Astronomy — The Twin Planets, Uranus and Neptune
The information on this page was obtained from a fascinating article in the December 2019 edition of ‘Sky and Telescope’ magazine. The article was entitled ‘The Neglected Planets’, and was written by Ken Croswell.
- With similar colors, diameters, masses, densities, and rotation rates, Uranus and Neptune are twin worlds.
- Both planets owe their distinct colors (green and blue) to methane gas. Methane absorbs red light but reflects green and blue.
- These planets, like Jupiter and Saturn, have ice, rock, and metal at their centers.
- Both of these planets are only about 5% as massive as Jupiter.

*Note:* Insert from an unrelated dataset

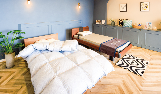 オンラインショップで「実物に触れたい」との問い合わせが多かったことから、昨年11月に体験型ショールームとしてオープン。高反発マットレスや枕など、新作や話題の寝装寝具が多数そろい、西川やロマンス小杉とコラボしたオリジナル寝具にも注目を。

- Uranus and Neptune are ‘ice giants’, so named because they have large quantities of three compounds that were frozen solid in the cold outer solar nebula (water, methane, and ammonia).
- Both planets have tilted magnetic fields that arise from the center of each planet.
- These two planets have the same effective temperature, that being -353 degrees Fahrenheit.
- Neptune is much more ‘active’ than Uranus, with plenty of clouds and storms and internal heat. Fast winds, however, race across both planets.
- Both planets have hydrogen sulfide in their atmospheres, a poisonous gas that smells like rotten eggs.
- Both of the planets spin at a rapid rate, but they have very different axial tilts. They both rotate once in about 16 or 17 hours. Uranus lies on its side as it spins, with an axial tilt of 98 degrees. Neptune’s axial tilt is 28 degrees, similar to Earth’s tilt.
- Uranus has 13 rings and Neptune has six. Whereas Saturn’s rings glisten with water ice, those of Uranus and Neptune are dark, probably due to carbon compounds.
- Uranus has 27 known moons and 13 rings. The 18 inner-most moons orbit the planet’s equator. The others follow highly inclined paths, suggesting that they are captured objects.
- Neptune has 14 moons. The stand-out moon for this planet is Triton. It is nearly twice as large as Uranus’s largest moon and slightly larger than Pluto! Yet Triton revolves backward, a sign that it too is a captured object. Triton is about as close to Neptune as the Moon is to Earth
- The moon Nereid, a moon of Neptune, has the most elliptical orbit of any moon in our solar system, with an orbital eccentricity of a whopping 75%.
- The most distant moon of Neptune is Neso. It ventures farther away from its planet that any other moon in the solar system. At its extreme, Neso is 72 million kilometers from Neptune, nearly half the distance of the Earth from the Sun. So distant is Neso that it takes 26 years to orbits Neptune one time, nearly as long as it takes Saturn to circle the Sun. Neptune can retain this distant moon because the planet is so far removed from the gravitational influence of the Sun.